I want pancakes. That was the first thought in my mind whenever I woke up. The sunlight was seeping through my windows, which had blue curtain covering them. A gentle breeze was blowing through the blinds, and birds were singing their morning songs. I groaned as I exited the comfort of my bed and walked to the kitchen.

Kris and I haven't been too good ever since that day I tried to hook up with Sehun on the night we went to the Italian restaurant. That's why he dragged me away and took me home. I have this huge crush on him, and I tried to make him jealous. So I thought that hanging out with one of his closest friends would do the trick. He ended up beating the living crap out of Sehun for touching me. And everytime I actually hang out with Sehun you can see the fury and jealousy in his eyes.

Kris and I used to date in Junior year. But, like the playboy he is, left me for some caked up Barbie doll. I don't understand why. We're still best friends. That's why he gets so jealous over the littlest things. Everytime I flirt with someone, everytime I hang out with someone that's not Kris, or just in general when I talk about someone. He's such a jealous little... whatever. He gets jealous too much.

The sad part is, I still have a really huge crush on the guy. I know he doesn't feel the same. I bet he's tired of living with me and dealing with me. I haven't had the courage to tell him how I feel. He always seems to find some sort of eye candy, and he manages to take them home instantly. This is also one of the reasons why I have dark circles. No sleep from him and his one-night-stand because they're screaming too much. Pisses me off to the max.

As I walked to the kitchen, I heard the clanging of pots and the sound of water form the sink. I hid behind the wall of the hallway so that Kris didn't see me. It's rare to find him up early. He's either up early when he's mad, sad, or if he's bored. It's rare to find him cleaning the dishes, as well. He only cleans if he's mad or bored...

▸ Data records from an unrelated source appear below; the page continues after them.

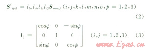式中Smnop為斜坐標(biāo)系中的柔度矩陣,Sijkl為水平坐標(biāo)系中的柔度矩陣,lij為方向余弦矩陣。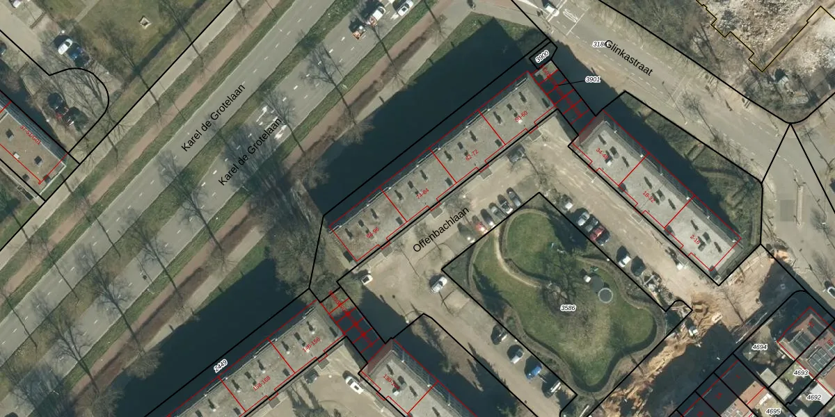 Offenbachlaan 76 is gelegen op kadastraal perceel GTL01D3901. Deze kadastrale aanduiding is uniek en wordt gebruikt door het Kadaster om eigendomsrechten en andere zakelijke rechten vast te leggen. Het perceel maakt onderdeel uit van de kadastrale gemeente Gestel.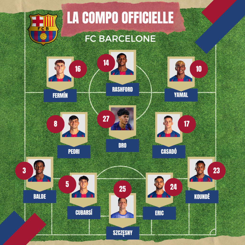 Szczęsny – Koundé, Eric, Cubarsí, Balde – Casadó, Dro, Pedri – Yamal, Rashford, Fermín.

I had the courage to finally walk out of my hiding spot in the hallway. I didn't look at him or acknowledge his existence in any way. I just went straight to the fridge, grabbed a banana and walked to the table to eat it.

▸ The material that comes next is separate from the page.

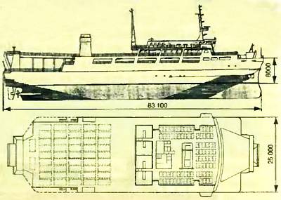 Это судно-катамаран служило паромом для перевозки пассажиров и автомобилей между островами. Машины размещались на вспомогательной и верхней палубах площадью 1530 и 720 м2 соответственно. В передней части судна находятся пять пассажирских салонов, где с комфортом размещаются 758 человек. Здесь же расположена и прогулочная палуба. Всего было построено 4 таких судна-парома.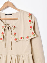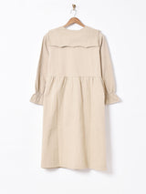セーラーカラーの様な大きい襟がインパクトのあるワンピース。花の刺繍とキャンディースリーブもポイント。うっすら起毛したやや厚みのある生地です。

As I was peeling my banana, I heard Kris clear his throat. He was looking at me like he was irritated.

"What.? Did I do something wrong.?" I asked, avoiding his gaze and enjoying my banana.

"You didn't say 'good morning, Kris' like you usually do." He noticed. I rolled my eyes and scoffed.

"That's because you wake up at 12 in the afternoon, and I didn't expect to see you up so early this morning."

"I was bored."

"Yeah.. 'Bored'." I scoffed as I got up to throw my banana peel away. I know he's mad. I don't know why he likes to lie about his feelings to me. He knows that I'm his best friend and he can tell me absolutely anything. Especially about his feelings. That's what makes me mad. He calls me his 'best friend', but never tells me anything about his feelings. I'm usually the one who's always letting my feelings out to him. When will he ever do the same.?

The sad part about it, is that I'll never be able to tell him I love him. I can't do that. I just can't. I don't want to be rejected. I'll never be able to man up and accept the fact that I'll have to get over him. I understand that he likes guys, but I'm just not one of them.

"Hey," Kris grabbed me by the waist and turned me around to face him, "what's with you.? You're never like this towards me. What's wrong.?"

"Nothing. I'm absolutely fine. It's the morning, so I'm cranky." I lied. Well, I didn't lie about the morning part.